Aemoo supports exploratory search over the Web. Through a simple keyword-based search interface, users can query Aemoo about the linking network of any entity, which is collected by aggregating knowledge from diverse sources such as linked data, Wikipedia, Twitter, and Google News.
We remark that Aemoo exploits all links existing in Wikipedia: DBpedia dataset based on the Wikipedia infoboxes is only 7% of such knowledge. Furthermore, it parses streams of data (currently Twitter and Google news), identifies additional links between entities, and allows the user to explore them by keeping the interaction homogeneous.
As soon as there is a link between two entities, Aemoo shows contextualized explanations of that link to the user.
Knowledge aggregation is performed according to cognitively-sound principles through the exploitation of knowledge patterns: This has been rigorously evaluated with a user study
Aemoo was evaluated by means of controlled, task-driven user experiments in order to assess its usability, and ability to provide relevant and serendipitous information as compared to two existing tools: Google and RelFinder. The related paper, accepted for publication to the Semantic Web Journal, can be downloaded here.

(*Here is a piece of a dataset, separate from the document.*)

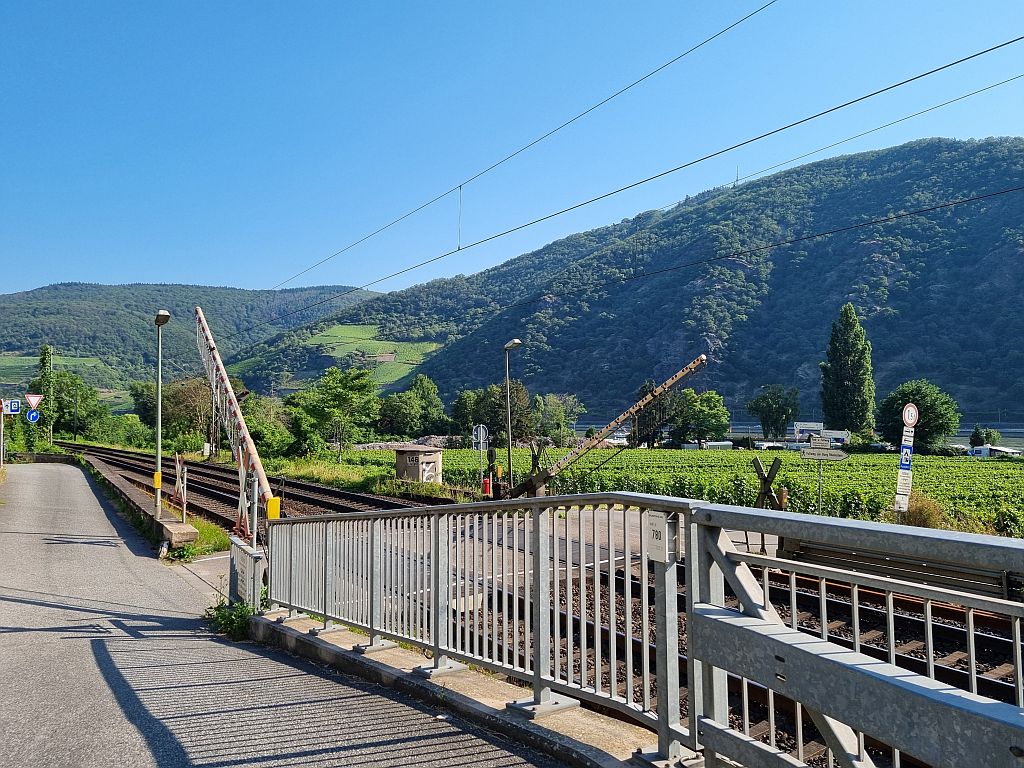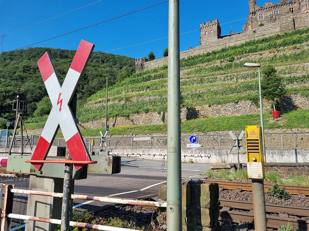 Um dann nach etwa einem Kilometer zur ersten Burg der Etappe, der Burg Reichenstein, zu kommen mussten wie wieder über die Bahngleise. Und das war hier was schwieriger, denn dieser Bahnübergang ist immer geschlossen. Damit er geöffnet wird, muss man per Sprachtaste dieses anmelden. Als Antwort kam erst einmal, das noch ein Zug käme und dann die Schranke geöffnet wird.

Aemoo uses knowledge patterns for selecting core as well as peculiar knowledge about an entity. Users can switch from exploring core to curious knowledge at any time.
Aemoo approach based on knowledge patterns opens several opportunities for studying innovative and effective ways of managing and interacting with knowledge that can only be achieved without Semantic Web technologies. Aemoo currently demonstrates some of them, and is constantly evolving for adding new ones.